Very recently, the authors in [3, 34, 23]

approach learning from corrections from the perspective of a partially observable Markov decision process (POMDP), where human’s corrections are viewed as the observations about the unknown objective function parameters. By approximating the observation model and applying maximum a posteriori estimation, they obtain a learning update that is similar to the co-active learning

[12]. To handle the sparse corrections that a human user applies only at sparse time instances during the robot’s motion, these methods apply the trajectory deformation technique [7] to interpret each single-time-step correction through a human indented trajectory, i.e., a deformed robot trajectory. Although achieving promising results, choosing the hyper-parameters in the trajectory deformation is challenging, which can affect the learning performance [34]. In addition, these methods have not provided any convergence guarantee of the learning process.

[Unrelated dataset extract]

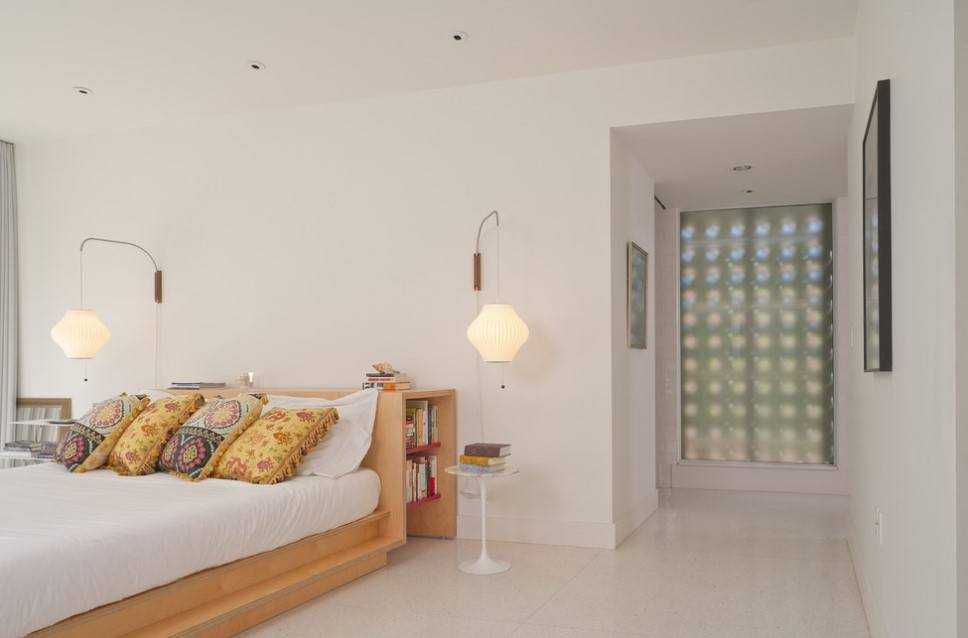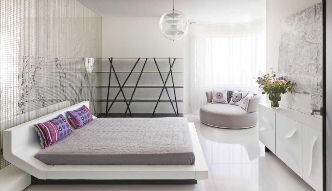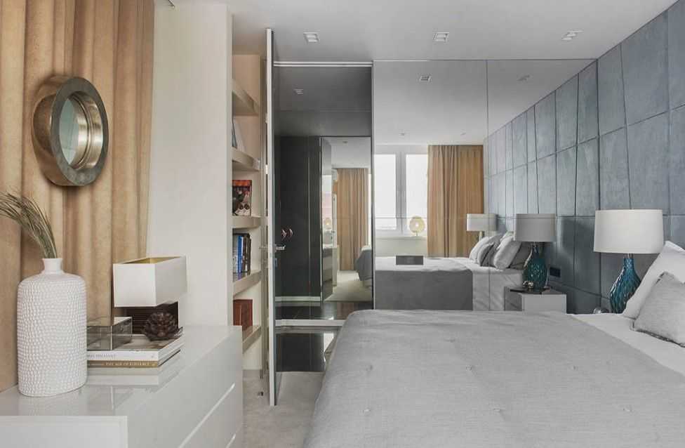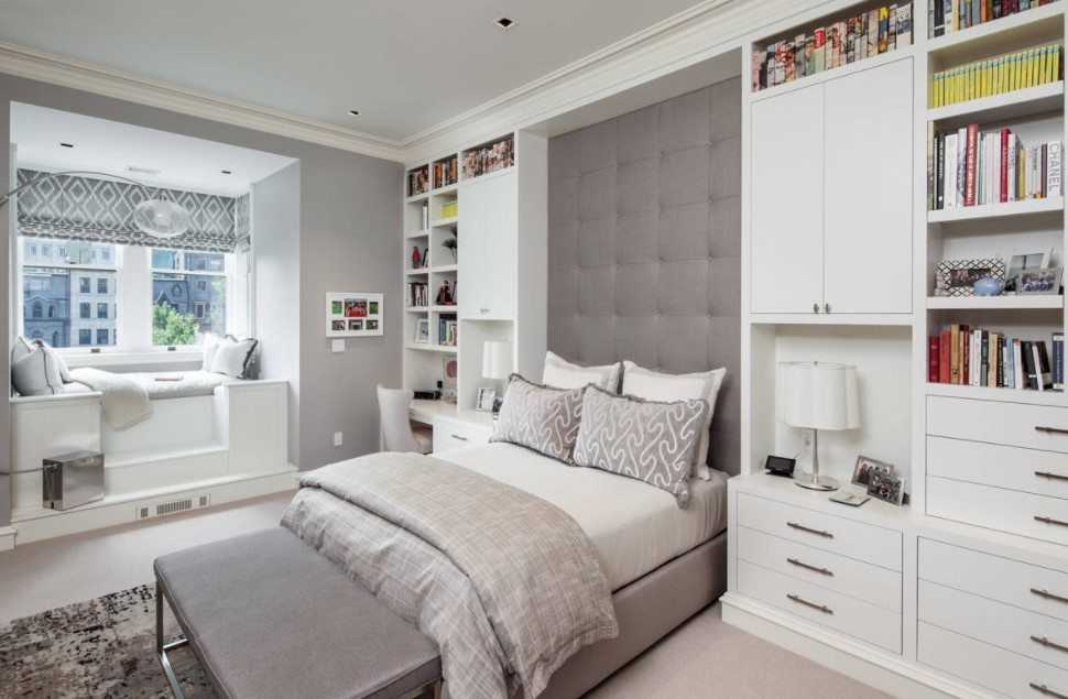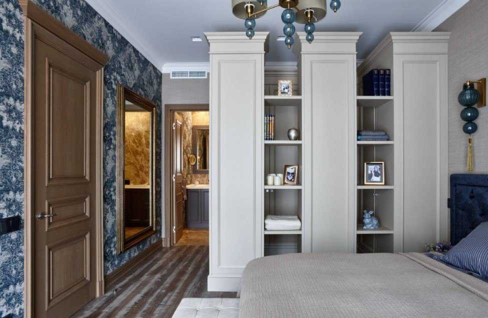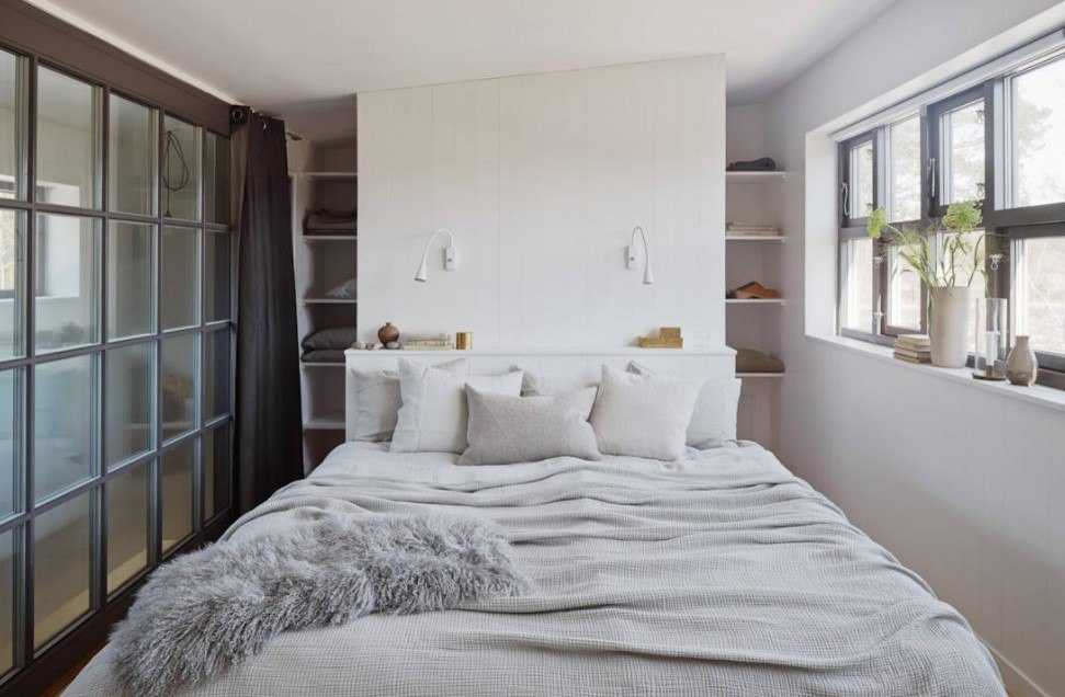 Идея размещения полок непосредственно над кроватью в спальне нравится не всем. Однако такое решение считается невероятно удобным для помещений небольшого размера и полки при этом не обязательно крепить к стенам. Это могут быть напольные конструкции, имеющие своё продолжение по обеим сторонам кровати или встроенные вариации, которые смотрятся особенно привлекательно. Такие полочки используются в большинстве случаев для хранения различных мелочей регулярного использования, книг и всевозможного декора. Для более гармоничного вида и удобства, встроенные полки над кроватью оснащаются подсветкой.

Both the above co-active learning and POMDP-based learning require a dedicated setup or process to obtain the human indented/feedback trajectories. Specifically, in co-active learning, a robot is switched to the screening and zero-force gravity-compensation modes to obtain a human feedback trajectory, and in the POMDP-based method, the human intended trajectory is obtained by deforming the robot’s current trajectory based on a correction using trajectory deformation method. These intermediate steps may introduce inaccurate artificial aspects to the learning process, which could lead to failure of the approach. For example, when a user physically corrects a robot, the magnitude of a correction, i.e., how much the correction should be, can be difficult to determine. If not chosen properly, the given correction may be overshot, i.e., too much correction. Such a overshooting correction can make the obtained human feedback trajectory violate the assumption of improving the robot’s motion. In fact, as we will demonstrate in Sections II and V-C, the more closer the robot is approaching to the expected trajectory, the more difficult the choice of a proper correction magnitude will be, which can lead to learning inefficiency. Also, for POMDP-based methods, when one applies the trajectory deformation, the choice of hyper-parameters will determine the shape of the human intended trajectory and thus finally affect the learning performance, as discussed in [34].

I-B Contributions

This paper develops a new method to learn a robot objective function incrementally from human’s directional corrections. Compared to the existing methods above, the distinctions and contributions of the proposed method are stated as follows.

  • The proposed method learns a robot control objective function only using the direction information of human’s corrections. It only requires that a correction, regardless of magnitude, has a direction of incrementally improving robot’s current motion. As we will later show in Sections II and V-C, the feasible corrections that satisfy such a requirement always account for half of the entire input space, making it more flexible for a human user to choose corrections from.

  • Unlike existing learning techniques which usually require an intermediate setup/process to obtain a human indented trajectory, the proposed method learns a control objective function directly from directional corrections. The directional corrections can be sparse, i.e., the corrections only applied at some time instances within the time horizon of robot’s motion.

  • The proposed learning algorithm is developed based on the cutting plane technique, which has a straightforward intuitive geometric interpretation. We have established the theoretical results to show the convergence of the learned objective function to the human’s implicit one.

The proposed method is validated by two human-robot games based on a two-link robot arm and a 6-DoF quadrotor maneuvering system, where a human player, by applying directional corrections, teaches the robot for motion control in environments with obstacles. The experiment results demonstrate that the proposed method enables a non-expert human player to train a robot to learn an effective control objective function for desired motion with few directional corrections.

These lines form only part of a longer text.